Zoroastrian religious text

The Sih-rozag also known as Siroze are two closely related collections of short Avestan invocations and prayers dedicated to a number of Zoroastrian divinities, which in turn are connected to the thirty days in the Zoroastrian calendar.

==Name==
Sih-rozag is derived from Middle Persian sīh, with the meaning thirty, and rōz, with the meaning days. It is, therefore, translated as thirty days or belonging to the thirty days. There is, however, no consensus on what thirty days are referenced here. On the one hand, authors like Darmesteter have interpreted them as the thirty days of the month in the Zoroastrian calendar to which the Sih-rozag is connected. On the other hand, it has been suggested that the name refers to the thirty-day long morning period for a deceased, during which the text is used.

==History==
The origin of the Sih-rozag collection is unknown, but its strong connection with the Zoroastrian calendar suggests that it was put together after its creation, which happened in the 5th century BCE. during the Achaemenid period.

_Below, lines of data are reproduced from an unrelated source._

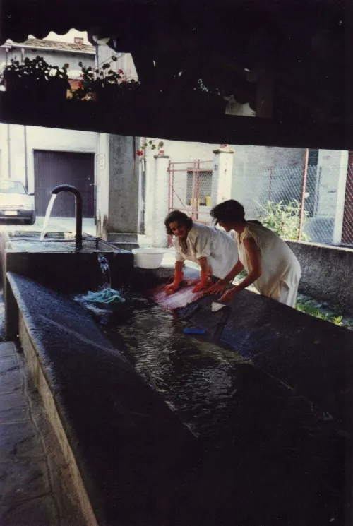 Io e la Cate stavamo lavando i tappetini della macchina al lavatoio di Carolo e di colpo mi son sentita trasportare nel passato. Come altre donne nei secoli dei secoli insaponavamo, sfregavamo, risciacquavamo, le braccia immerse nell'acqua gelida di montagna, avvolte dalla sua musica scrosciante, forte, continua.
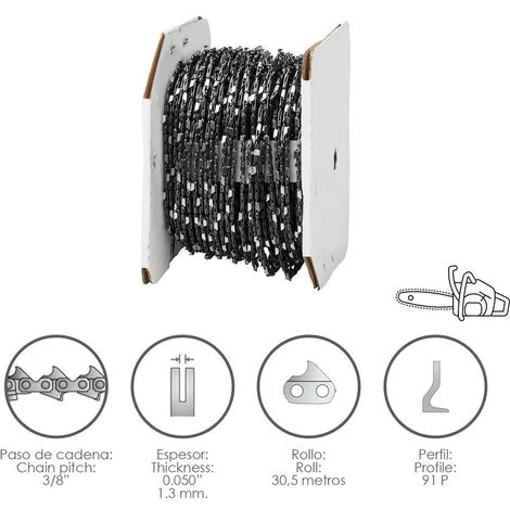 Kettensägenkette 3/8 „/0,050“ 1,3 mm. /91 P/Rolle 30,5 Meter.Kettensägekette
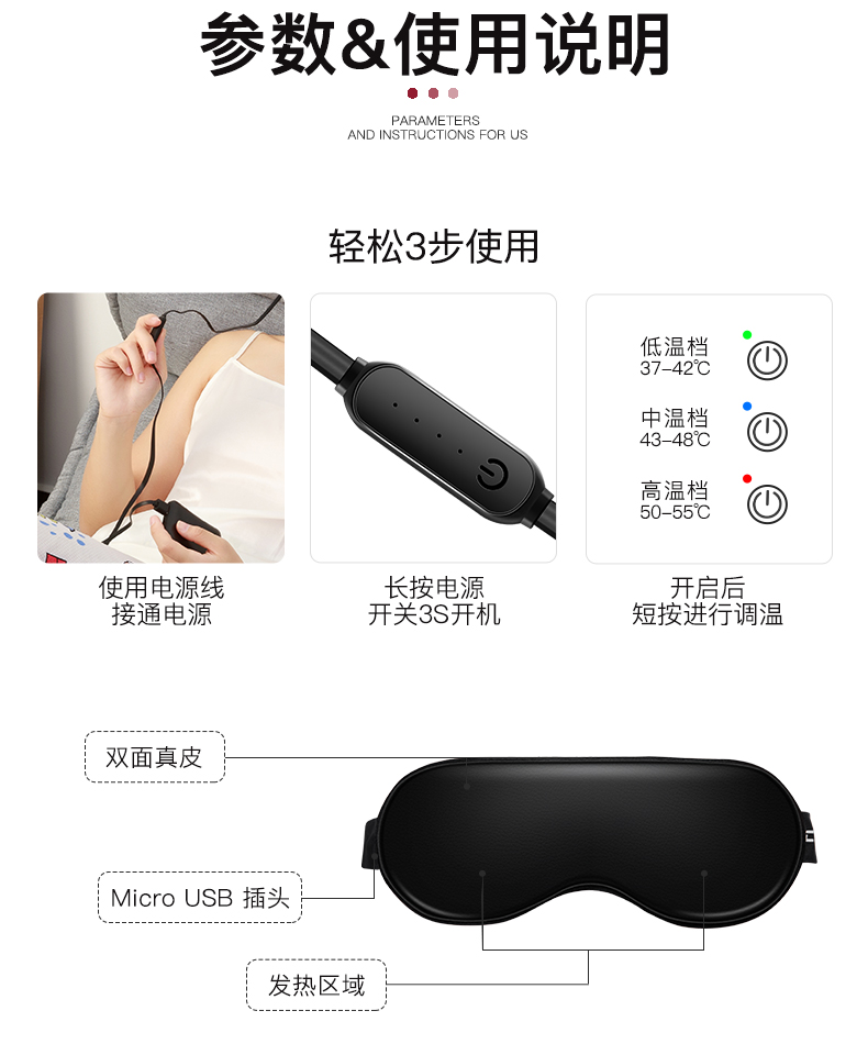 三檔溫度:低溫37-42℃、中溫43-48℃、高溫50-55℃

The oldest mention of it is found in the Nerangestan dating to the Sasanian period. There are two version of the Sih-rozag, a short one and a long one. The former is called the Little Sih-rozag and the latter the Great Sih-rozag. Based on its grammatical structure, Raffaelli has speculated that the invocations of the Little Sih-rozag may originally have been part of other litanies, whereas the texts within the Great Sih-rozag were independent compositions.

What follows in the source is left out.